A review subagent with live-DB access needs an explicit probe budget

Problem

You dispatch a general-purpose subagent to review a PR or verify findings, and it has live database / cloud / Bash access. Unprompted, it does the thorough thing: re-derives every claim from scratch, running expensive exploratory queries (full-window joins, multi-date sweeps, dry-runs). Two failure modes follow:

It runs very long (20–40+ min of wall time on heavy probes), far past what the review needs.
It can socket-close mid-run. The Agent tool returns API Error: The socket connection was closed unexpectedly with a non-zero tool_uses count but no final assistant message — so the agent did real work (11, 20 tool calls) but its verdict was never delivered. The output is lost, and it is not resumable from the orchestrator unless a SendMessage/continue tool is available (often it is not). You've burned the tokens and the wall-clock for nothing.

The root cause is that an unbounded reviewer treats "review this change" as "independently re-establish the entire ground truth," which is exactly the slow, fragile thing — when the orchestrator has usually ALREADY established that ground truth and just needs a second pair of eyes on the diff.
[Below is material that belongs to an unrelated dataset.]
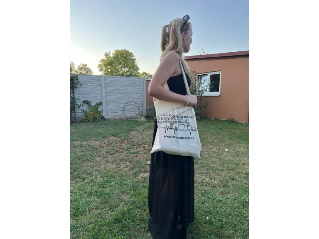 Tato taška ze 100% bavlny je dostatečně pevná, aby unesla všechna vaše nová klubíčka i metry látek. Díky kvalitnímu černému potisku s motivem šicího stroje a srdečního tepu je to perfektní dárek pro vás i vaše kamarádky z kurzů šití. Je skladná, praktická a díky prodlouženým popruhům ji můžete hodit přes rameno a vyrazit vstříc novým kreativním výzvám.
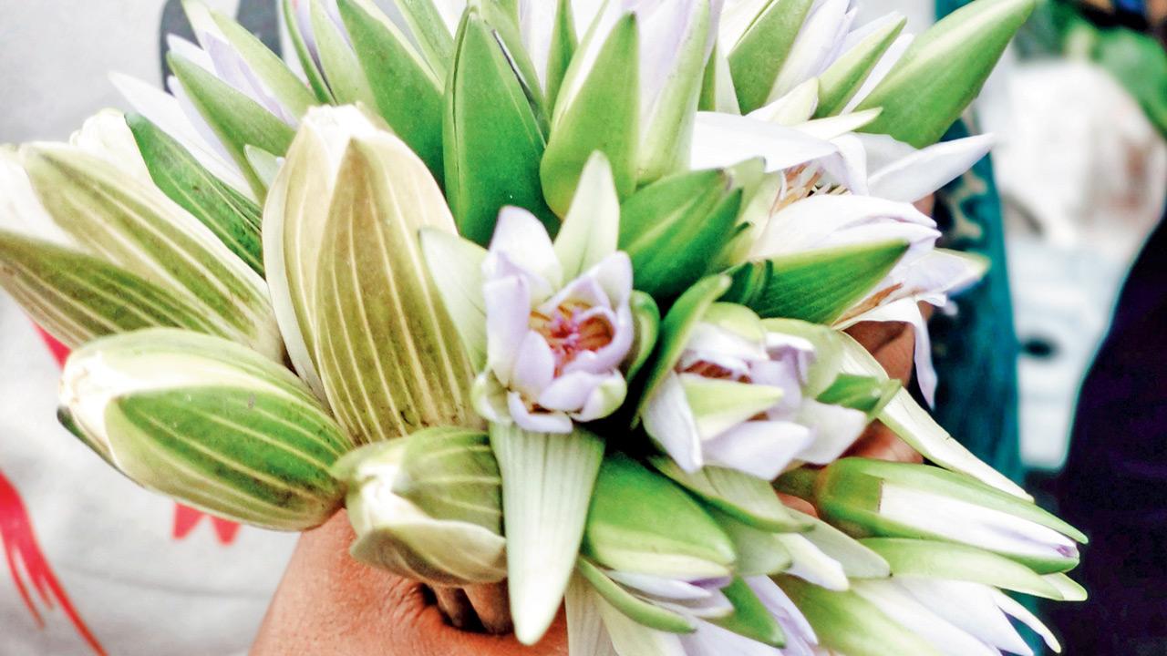 A shopkeeper shows off some Bethlehem flowers that are used during the Ganesh puja. PIC/KIRTI SURVE PARADE

Context / Trigger Conditions

About to dispatch a code-review / verification / research agent with BigQuery / gcloud / psql / Bash.
An Agent result shows API Error: The socket connection was closed unexpectedly plus tool_uses: N (>0), subagent_tokens: 0, and no Strengths/Issues/Assessment in the output.
A dispatched reviewer has no return after ~20–30 min.
You (orchestrator) already ran the expensive live probes and confirmed the numbers in the PR body.

Solution

Bound review/verify subagents explicitly in the dispatch prompt:

Hard budget: "Target under ~6 minutes, ≤8 tool calls." A reviewer with a budget self-limits to the high-value checks.
Forbid the expensive re-derivation: "Do NOT run BigQuery probes / multi-table joins over date ranges. I already verified — your job is the STATIC diff review + run only the fast unit test (pytest …)." Hand it the ground truth as given facts to sanity-check cheaply, not to reproduce.
Prefer several short bounded agents over one open-ended one — diversity of lens at low per-agent risk; if one socket-closes you still have the others.
On a socket-close: capture the returned agentId. If a SendMessage/continue tool exists, try resuming for just the verdict (no new probing). If not, re-dispatch a fresh bounded agent — do not assume the lost agent "basically finished."

Verification

The bounded re-dispatch returns a full verdict quickly (minutes, not tens of minutes) and does not socket-close. A pure-docs review can finish in <1 min / ~4 tool calls.

Example

Two parallel review agents were dispatched with live-BQ access to verify an ML-pipeline PR and told to "adversarially verify my claims." Both ran ~34 minutes (11 and 20 tool calls of BQ probing) and both returned API Error: The socket connection was closed unexpectedly with zero verdict — output lost, not resumable (SendMessage unavailable). Re-dispatched with "≤8 tool calls, <6 min, do NOT run BQ probes (I already validated the delta/unmapped-code/serving checks), review the diff statically + run the fast pytest" → both returned clean structured verdicts in ~12–13 min; a later docs-only review returned in 28s / 4 tool calls.

Notes

Distinct from [[subagent-watchdog-stall-on-ui-template-track]]: that is a UI/template agent killed by the 600s no-output watchdog, fixed by going inline. This is a DB-access agent that socket-closes after a long live-probe run, fixed by bounding the probe budget (the work IS streaming output, so the watchdog isn't the trigger — the transport drop is).
The asymmetry that makes bounding safe: the orchestrator has already done the expensive verification (that's why it's confident enough to merge); the reviewer's value is the independent read of the DIFF and a cheap sanity-check of the headline numbers, not a full re-derivation.
Pairs with the project norm "review every non-trivial PR before merge" — bounding makes that norm cheap and reliable instead of a coin-flip on whether the agent returns.
See also: [[code-reviewer-subagent-no-bash-blocked-on-pr-diff]], [[finding-verification-live-bq-triple-probe]], [[subagent-external-wait-orchestrator-takeover]].